Humans may be considered the most intelligent animals on Earth, but other species are not far behind. Scientists measure animal intelligence by looking at an animal’s self-awareness, self-control, and memory, all of which influence how well a creature processes information and solves problems. Judging an animal’s smarts is still a gray area, however. It’s pretty difficult to get a large number of wild animals together for a controlled behavioral experiment, and sometimes the tests scientists devise to judge a species’ intelligence don’t jive with the way animals perceive things. But the species included here have consistently impressed us with their smarts.
Dolphins have the second-largest brain relative to body mass in the animal kingdom (humans have the biggest), which is thought to be partly responsible for the mammals’ highly developed intellect.
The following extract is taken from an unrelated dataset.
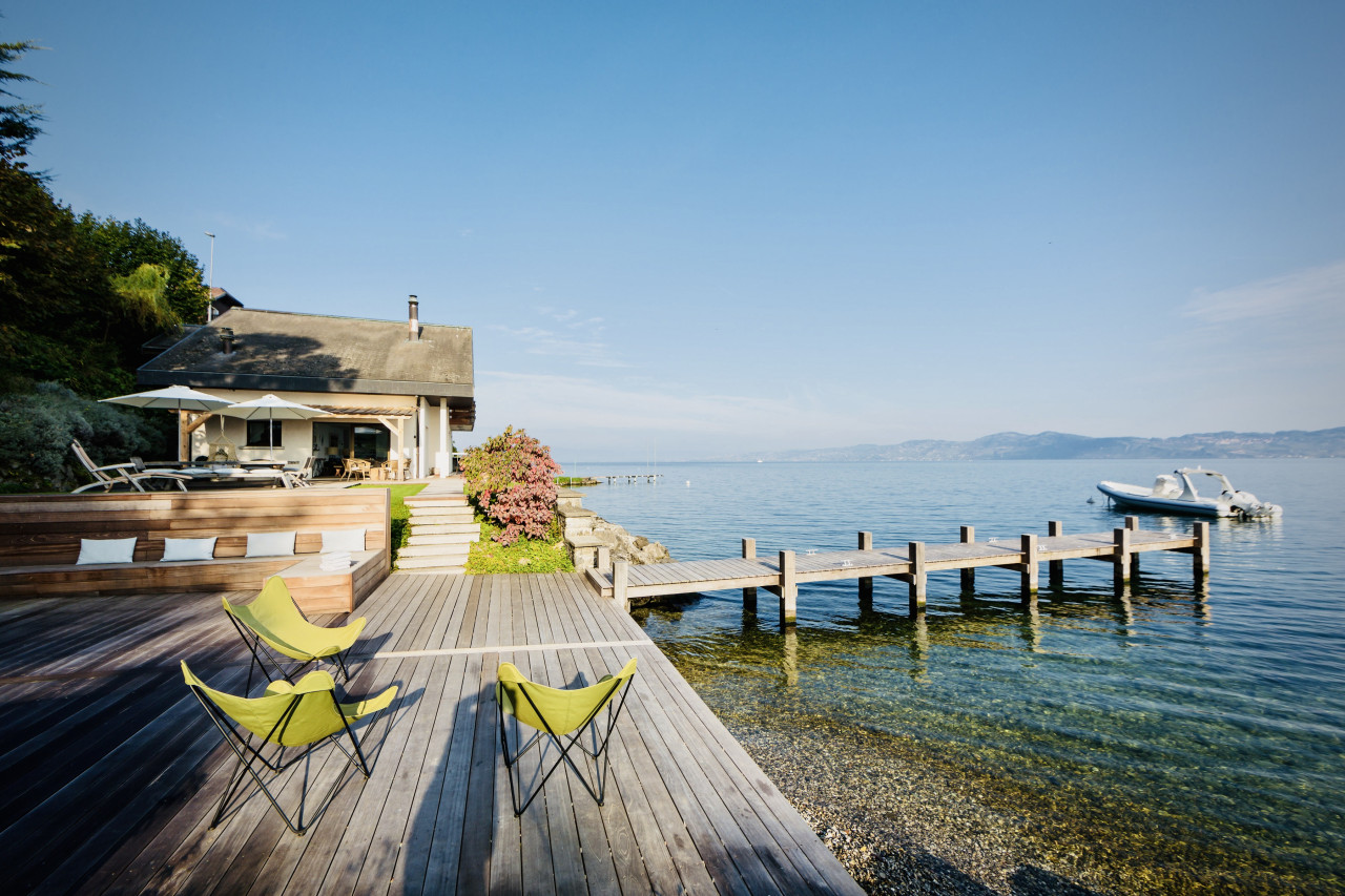 Situada en la tranquila orilla del lago Lemán, esta impresionante casa junto al lago ofrece una fusión perfecta de diseño náutico de mediados de siglo y minimalismo alpino. Ideal para estilo de vida, moda, interiores, producciones cinematográficas y eventos privados, la propiedad combina nítidas líneas arquitectónicas con elementos retro costeros y vistas panorámicas al lago. El salón-comedor de planta abierta cuenta con una llamativa chimenea colgante, muebles de madera hechos a mano y cristaleras que se abren a un embarcadero privado y a una amplia terraza ajardinada, perfecta para hacer fotografías cinematográficas a ras de agua. Dispone de muelle y playa privados con acceso directo al lago.

Captive dolphins are taught tricks, have been trained to detect underwater explosives, and star in TV sitcoms. They can also recognize themselves in a mirror, a basic test of self-awareness that indicates intelligence. Wild dolphins have been observed using tools, hunting cooperatively, and communicating in a variety of squeaks, squawks, and whistles, all pointing to dolphins’ cognition.
In some Native American folklore, ravens are known as tricksters — a reputation that may stem from these birds’ intelligence. Ravens and their relatives in the family Corvidae, which include crows and jays, have the same brain-to-body-size ratio as apes, suggesting a high level of cognition. Ravens are known for their complex social behaviors, such as holding apparent grudges against people who cheat them (a sign of their memory) and enacting “funerals” over dead members of their species, from which they pick up social information. Corvids also understand cause and effect, plan for the future, and make and use tools, like fashioning sticks to help them extract food from tight spaces.
Jane Goodall’s observations of chimpanzees using blades of grass to tease tasty termites out of their mound revolutionized our views of animal intelligence. And since her discovery in 1960, chimps have shown that their cognitive abilities rank pretty close to our own. In addition to the grass, chimps create special tools from leaves, twigs, and tree branches for different tasks. They also throw rocks at trees, perhaps to communicate to other chimps across a large area, and crack open nuts against anvil-like stones. Recently, scientists observed wild chimpanzees applying squashed insects to wounds as a form of self-medication. In addition, chimps interact with complex vocalizations and gestures and have even learned to “speak” with trainers in rudimentary pictorial or sign languages.
Pigs’ intelligence hasn’t been studied as thoroughly as that of primates, rodents, and birds, but analyses suggest that their performance on some psychological tests is on par with dolphins. A 2009 study found that seven out of eight pigs could process reflections of objects in a mirror and use the information to find food hidden behind a wall. Pigs can discern objects based on different characteristics and remember their choices over time, which demonstrates long-term memory. They can also prioritize which memories are important, like how to access desired food when presented with different options. Anecdotally, pigs have appeared to show empathy for humans, such as when naturalist Sy Montgomery’s normally active 750-pound porker, Christopher Hogwood, became quiet and docile while Montgomery grieved the loss of loved ones.
What octopuses lack in exoskeletons, they make up for in brains. These eight-armed cephalopods not only have the biggest brain-to-body-size ratio among invertebrates, but they also have multiple brains — a central neurological organ and one “mini-brain” in each arm. Octopuses can perceive and react to information quickly — by suddenly changing their color and pattern to camouflage themselves, for example — which suggests superior cognitive abilities. They’re famous for getting into and out of tight spaces, unscrewing jar lids, manipulating objects to solve puzzles, stealing crabs out of fishermen’s traps, and even escaping their aquarium tanks. A 2010 study of eight giant Pacific octopuses found that they could even recognize individual people.
Elephants are famed for their excellent long-term memory, a key indicator of animal intelligence. They can also solve practical problems. In a famous 2010 study, Kandula the Asian elephant figured out how to reach food on a high branch by pushing objects, like a large plastic cube, under the food and then using the cube as a step stool. Another well-known experiment found that elephants can grasp the need for cooperation and alter their behavior to achieve a shared goal. Observations of elephant social groups over decades have revealed tight relationships between different elephant generations, in which ecological knowledge is transferred from matriarchs to younger individuals.